Reported by:	Michael Zhilin <mizhka@ >
2020-01-15 03:35:57 +00:00
Bjoern A. Zeeb
aeaef7d597 netgraph/ng_bridge: Reestablish old ABI
In order to be able to merge r353026 bring back support for the old
cookie API for a transition period in 12.x releases (and possibly 13)
before the old API can be removed again entirely.

Suggested by:	julian
Submitted by:	Lutz Donnerhacke (lutz donnerhacke.de)
PR:		240787
Reviewed by:	julian
MFC after:	2 weeks
X-MFC with:	r353026
Differential Revision:	https://reviews.freebsd.org/D21961
2020-01-05 19:14:16 +00:00
John Baldwin
4b28d96e5d Remove the deprecated timeout(9) interface.
All in-tree consumers have been converted to callout(9).

Reviewed by:	kib, markj
Differential Revision:	https://reviews.freebsd.org/D22602
2019-12-13 21:03:12 +00:00
John Baldwin
5773ac113c Use callout_func_t instead of the deprecated timeout_t.
Reviewed by:	kib, imp
Differential Revision:	https://reviews.freebsd.org/D22752
2019-12-10 22:06:53 +00:00
Gleb Smirnoff
abc4b11cea Fix regression from r353026. Pointer was increased instead of value
pointed to.

PR:		241646
Submitted by:	Aleksandr Fedorov <aleksandr.fedorov itglobal.com>
2019-11-02 03:09:17 +00:00
Gleb Smirnoff
ebded7d547 Don't use if_maddr_rlock() in ng_eiface(4), use epoch(9) directly instead. 2019-10-10 23:49:19 +00:00
Gleb Smirnoff
57985d11b4 Don't use if_maddr_rlock() in ng_ether(4), use epoch(9) directly instead. 2019-10-10 23:47:14 +00:00
Gleb Smirnoff
b8a6e03fac Widen NET_EPOCH coverage.
When epoch(9) was introduced to network stack, it was basically
dropped in place of existing locking, which was mutexes and
rwlocks. For the sake of performance mutex covered areas were
as small as possible, so became epoch covered areas.

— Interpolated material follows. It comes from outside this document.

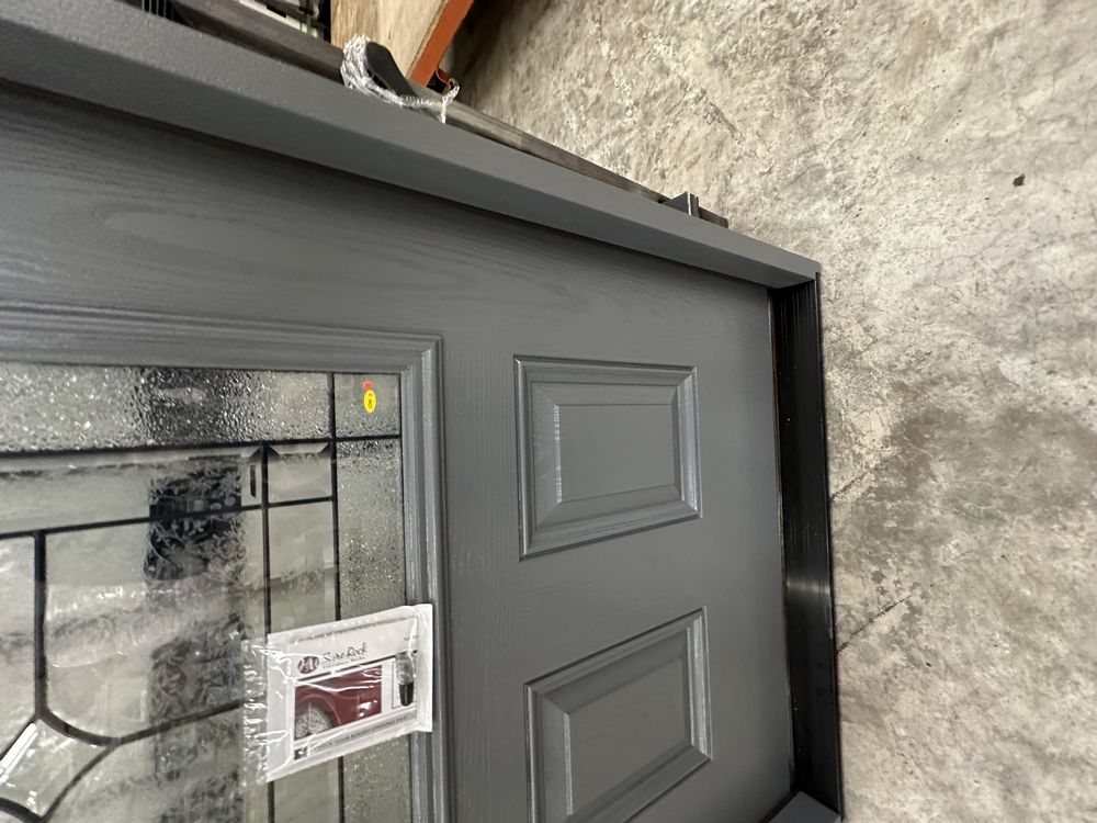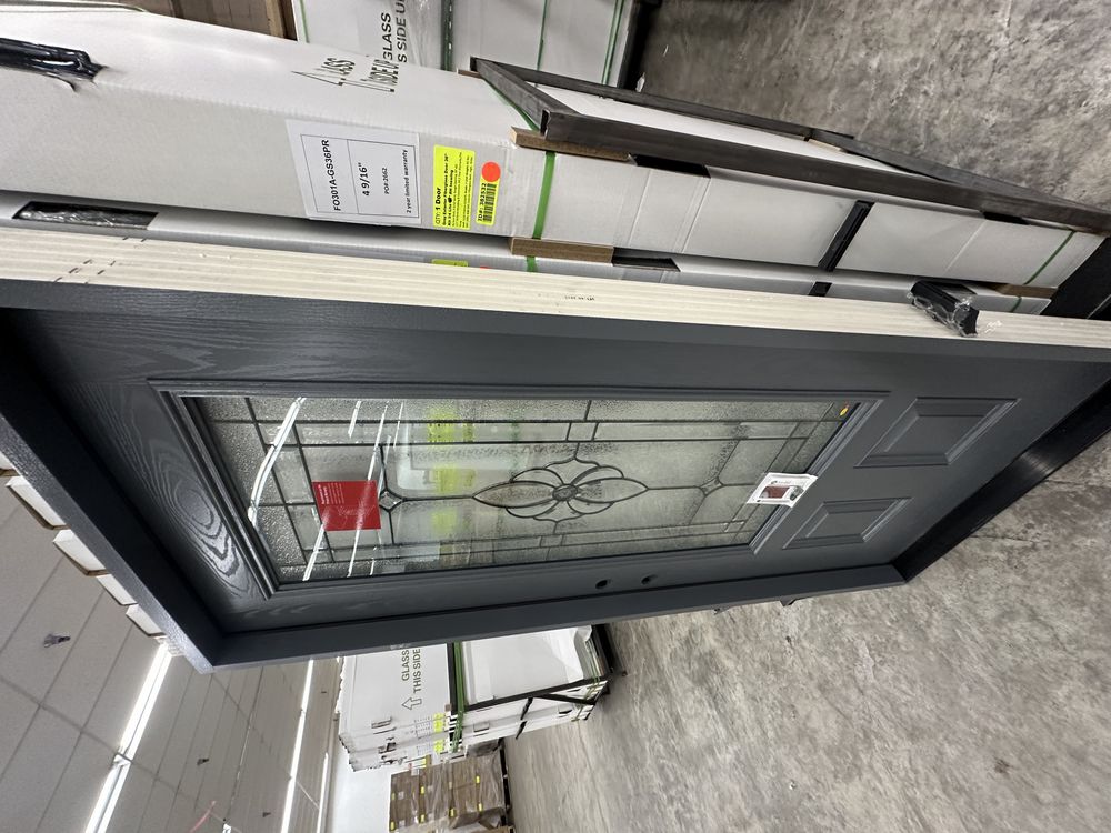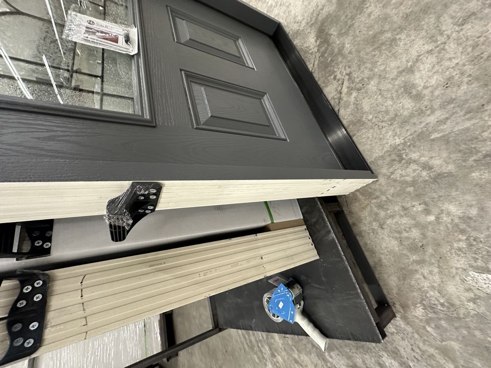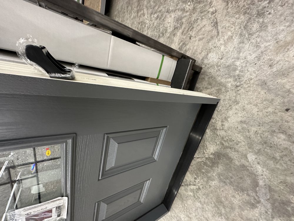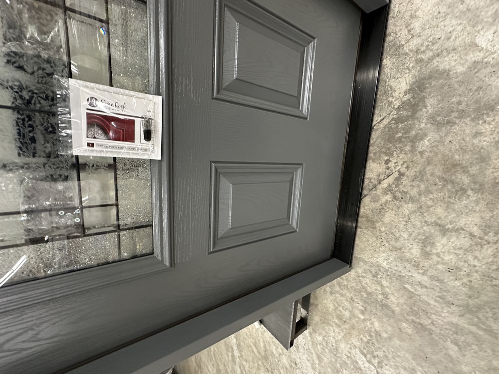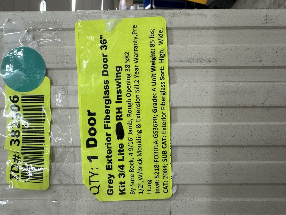 Gray Exterior Fiberglass Door 36" Kit 3/4 Lite RH Inswing. By Sure Rock, 4 9/16" Jamb, Rough Opening 38"x82 1/2", W/Brick Moulding & Extension Sill, 2 Year Warranty, Pre Hung, Grade: A,This is a liquidated product. The Auction Company makes no express or implied representations or warranties of any kind regarding the Product. Any pre-existing retail, wholesale or manufacturer warranties will not transfer with the sale of this Product unless expressly stated otherwise on this page. The Buyer accepts the Product in as-is condition, with all faults. Weight: 85 lbs. Sold by: Door. Sold as: Quantity X Price. Inventory #: 5218-FO301A-GS36PR

However, epoch doesn't introduce any contention, it just delays
memory reclaim. So, there is no point to minimise epoch covered
areas in sense of performance. Meanwhile entering/exiting epoch
also has non-zero CPU usage, so doing this less often is a win.

Not the least is also code maintainability. In the new paradigm
we can assume that at any stage of processing a packet, we are
inside network epoch. This makes coding both input and output
path way easier.

On output path we already enter epoch quite early - in the
ip_output(), in the ip6_output().

This patch does the same for the input path. All ISR processing,
network related callouts, other ways of packet injection to the
network stack shall be performed in net_epoch. Any leaf function
that walks network configuration now asserts epoch.

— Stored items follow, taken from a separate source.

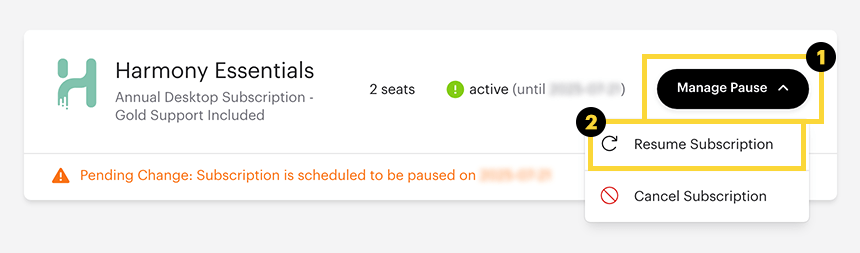 - In the subscription panel, click the Mange Pause dropdown button.
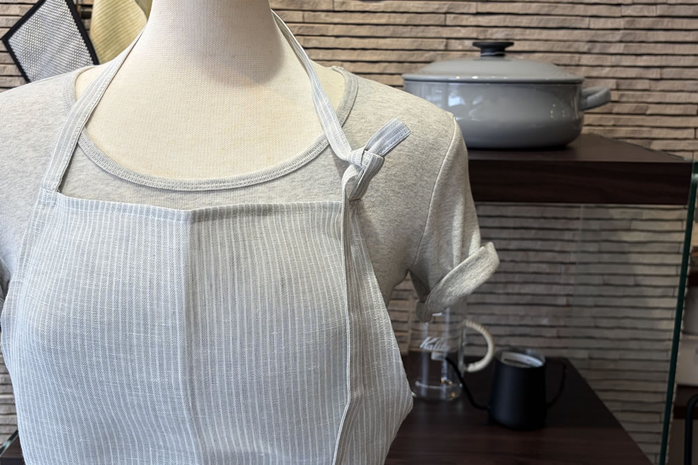 上質な薄地のリネンを使い仕立てました。リネンは丈夫で乾きが早く衛生的、エプロンの素材に最適です。
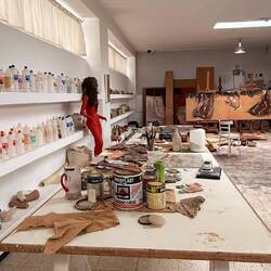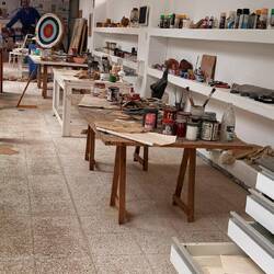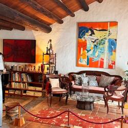 Ein Höhepunkt des Besuchs war die Werkstatt, die Manrique bis zu seinem Tod nutzte. Hier lebte und arbeitete er, und die Zeit schien stillzustehen. Die Werkstatt war ein Ort der Inspiration, der alles so bewahrte, wie der Künstler es hinterlassen hatte. Überall standen seine Werke, die auf den ersten Blick chaotisch wirkten, aber bei näherer Betrachtung eine tiefere Bedeutung offenbarten. Manrique hatte oft am Boden mit seinen Ideen begonnen und sie später an die Staffeleien vollendet. . Es war spannend zu sehen, wie seine Gedanken in verschiedenen Phasen entstanden waren.

Tricky part is configuration code paths - ioctls, sysctls. They
also call into leaf functions, so some need to be changed.

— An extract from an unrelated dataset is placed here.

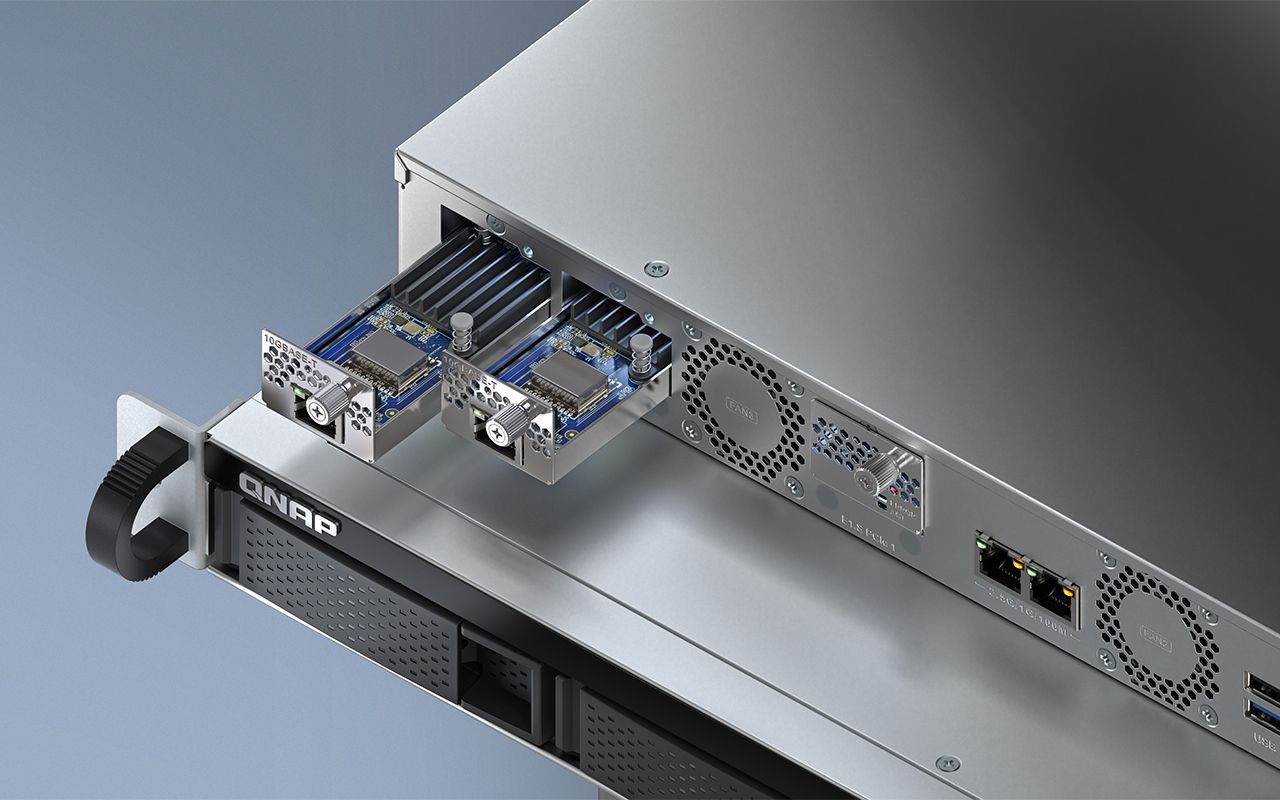 为 NAS 安装 QXG-ES10G1T 网络扩充模块,再搭配 QNAP 旗下多款 10GbE 交换机,用精省的预算打造大带宽高速网络环境,加速企业关键任务运作。

This patch would introduce more epoch recursions (see EPOCH_TRACE)
than we had before. They will be cleaned up separately, as several
of them aren't trivial. Note, that unlike a lock recursion the
epoch recursion is safe and just wastes a bit of resources.

Reviewed by:	gallatin, hselasky, cy, adrian, kristof
Differential Revision:	https://reviews.freebsd.org/D19111
2019-10-07 22:40:05 +00:00
Gleb Smirnoff
0b951c55a1 Fix build failure from r353026. Somehow module build allowed this.
Pointy hat to:	glebius
2019-10-03 04:41:57 +00:00
Gleb Smirnoff
30b7addf5a Protect access to seq->xwin[] with the seq mutex.
MFC after:	5 weeks
2019-10-03 02:34:51 +00:00
Gleb Smirnoff
631cabba47 - Remove the compile time limit for number of links a ng_bridge node
can handle.  Instead using an array on node private data, use per-hook
  private data.
- Use NG_NODE_FOREACH_HOOK() to traverse through hooks instead of array.

PR:		240787
Submitted by:	Lutz Donnerhacke <lutz donnerhacke.de>
Differential Revision:	  https://reviews.freebsd.org/D21803
2019-10-03 02:32:55 +00:00
Maksim Yevmenkin
444e5d09b5 avoid holding PCB mutex during copyin/copyout()
Reported by:	imp, mms dot vanbreukelingen at gmail dot com
Reviewed by:	imp
2019-08-30 16:35:31 +00:00
Xin LI
34ff55b662 Convert ng_deflate to use new zlib.
This removes the last consumer of the modified zlib originally
bundled with Paul's PPP implementation, which will be removed
in a follow up commit.

PR:			229763
Differential Revision:	https://reviews.freebsd.org/D21186
2019-08-23 07:24:36 +00:00
Xin LI
443127c517 Use MTX_NEW instead of bzero().
Submitted by:	cem
2019-08-21 08:15:30 +00:00
Xin LI
ee318606ce Fix a panic in ubt_do_hci_request.
The 'mtx' is on stack and can contain garbages that would cause mtx_init
(and in turn lock_init) to think that the mutex was already initialized.
2019-08-21 07:45:39 +00:00
Vladimir Kondratyev
3544d43bb1 ng_ubt(4): do not attach Intel Wireless 8260/8265 in bootloader mode.
Add helper function for synchronous execution of HCI commands at probe
stage and use this function to check firmware state of Intel Wireless
8260/8265 bluetooth devices found in many post 2016 year laptops.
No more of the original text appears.